Carta aberta a Lourenço Diaféria*
Dom Lourenço:
Sou um assíduo leitor. Leio tudo e continuamente. No banheiro, no ônibus, no quintal, na calçada; de madrugada, tarde, noite; livros, livretos, folhetins, revistas, cartazes, pichações, jornais, jornalecos, folhas soltas, propagandas, guias telefônicos, bulas, portas de banheiro e até uma ou outra palma da mão.
Sou um leitor.
Sou um leitor por imagem refletida, como num espelho ou numa montanha de ecos, pois o que eu queria mesmo era ser escritor. Vã esperança. Louco sonho. Não fui ou não aconteci, como se diz agora. Daí virei leitor; não virei, nasci leitor... Mas, desgraça minha – ou sorte –, não sou um leitor técnico, erudito, de análise. Não, não consigo sequer desvendar normas gramaticais, estilos, influências... Dir-se-ia leitor cru? E como não bastasse: gringo, estrangeiro, Tupac-Amaru. Sou apenas um glutão de imagens, sentimentos, emoções e vibrações. Sou um leitor de nó na garganta e lágrimas fáceis. Sinto nas palavras, por outros escritas, aquilo tudo que está dentro de mim, que queria expressar e não consigo; que sinto e não sei transmitir.
Ah! Dom Lourenço... É a mesma coisa que ter um balão dentro da gente que vai enchendo de emoções, emoções, emoções, pronto a explodir, e, quando acontece, estoura o peito e espalha aquelas palavras todas – imagens e sentimentos – salpicando todos em volta, pintando-os todos multicolores, floridos, irmanando-os, tornando os homens mais humanos, mais compreensivos, mais amigos, mais altos, mais nobres e mais puros.

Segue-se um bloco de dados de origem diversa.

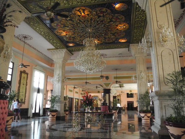 Die opulente ausgestattete, reich verzierte Lobby des Hotel Riu Palace Riviera Maya.

Sou um leitor. E como tal tenho um aferido e aguçado “sentimentômetro” de revoluções mil, de pique e médias, de luzes amarelas, verdes e vermelhas. E meu particular aparelho de medir sentimentos há muito não acusava pressão máxima. Há muito eu não sentia a faixa vermelha, o assobio estridente, a pulsação acelerada, o lacre de segurança quebrado, que anuncia próxima e inadiável explosão. Mas ao ler Morte sem colete o aparelho funcionou e senti em mim a caldeira de pressão, o rio sem barragem, a sombra fresca, cântaro na fonte, grito de liberdade, toque de recolher, queda e consciência...
Gracias, muchas gracias, por nos tornarmos irmãos no sentir e transmitir.
*Lourenço Carlos Diaféria foi um contista, cronista e jornalista brasileiro.
(MEYER, Luís Aberto. In: Magistrando a Língua Portuguesa: literatura
brasileira, redação, gramática, metodologia do ensino e literatura
infantil. Rose Sordi. São Paulo: Moderna, 1991.)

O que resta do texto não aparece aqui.